How the New E-Cig Rules Hurt Americans
The FDA’s new regulations will destroy 99 percent of an industry that offers an option the Royal College of Physicians finds is 95 percent safer than cigarettes.
It is disheartening to see that the media’s near-exclusive focus while covering the Food and Drug Administration’s recent tobacco “deeming regs” has been on the provision that restricts e-cigarette sales to minors. The New York Times published an editorial entitled “Keeping E-Cigarettes Away From the Kids,” and the Huffington Post ran an article with the headline “Finally—Commonsense Protections for Our Kids From Tobacco.”

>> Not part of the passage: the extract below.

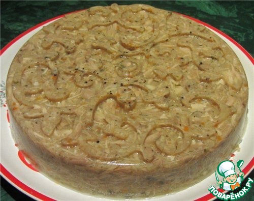 На дно емкости для холодца кладем петрушку и морковь, разливаем холодец. Убираем в холодильник до полного застывания (4-5часов).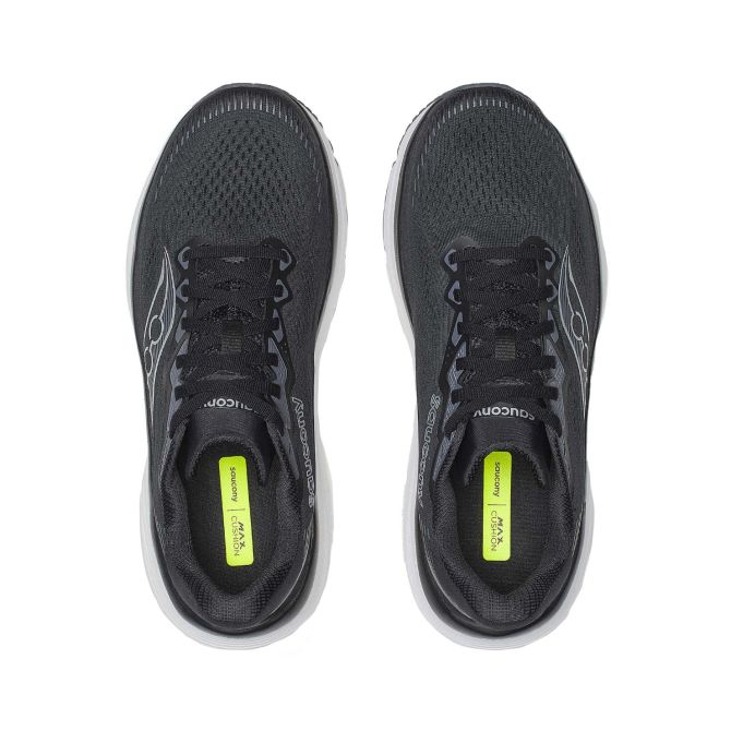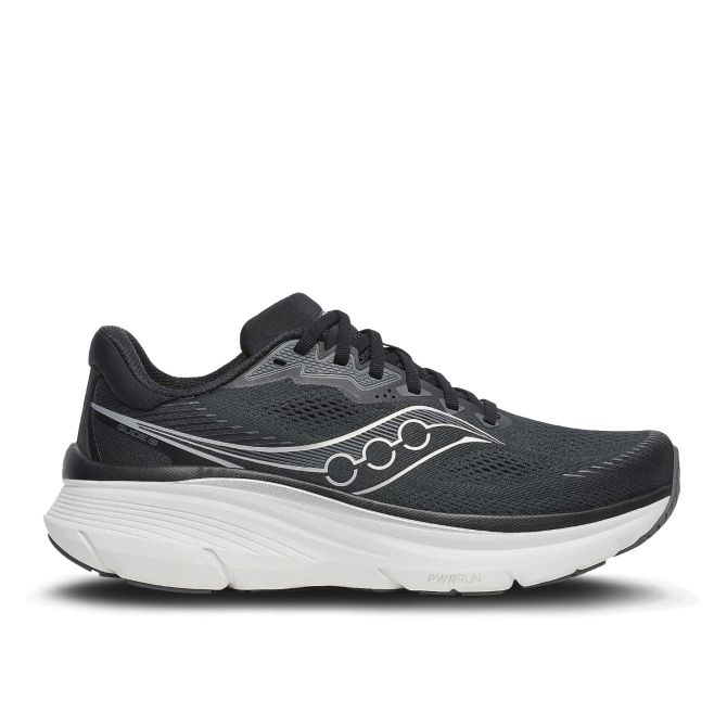 De Guide 19 heeft een PWRRUN-foam middenzool die een zachte, veerkrachtige demping biedt bij iedere landing, waardoor vermoeidheid wordt verminderd en langere runs comfortabeler aanvoelen. In combinatie met CenterPath-technologie helpt de bredere platformbasis je voet door de juiste loopbeweging te begeleiden en subtiel stabiliteit te bieden gedurende de hele afwikkeling.

Most people agree minors should not have access to products that contain substantial levels of nicotine (and “substantial” is used because many foods contain trace amounts of nicotine). But, in focusing on this move, commentators are missing how the FDA’s new regulations will destroy 99 percent of an industry that offers an option the Royal College of Physicians finds is 95 percent safer than cigarettes.
We Don’t Care About Your Health
The FDA’s regulations will force all e-cigarette products to go through the costly and time-consuming premarket tobacco product application process, a step that all but the big tobacco companies will not be able to comply with. (For more on how the FDA’s approval process will harm innovation and consumers, see my previous E21 article).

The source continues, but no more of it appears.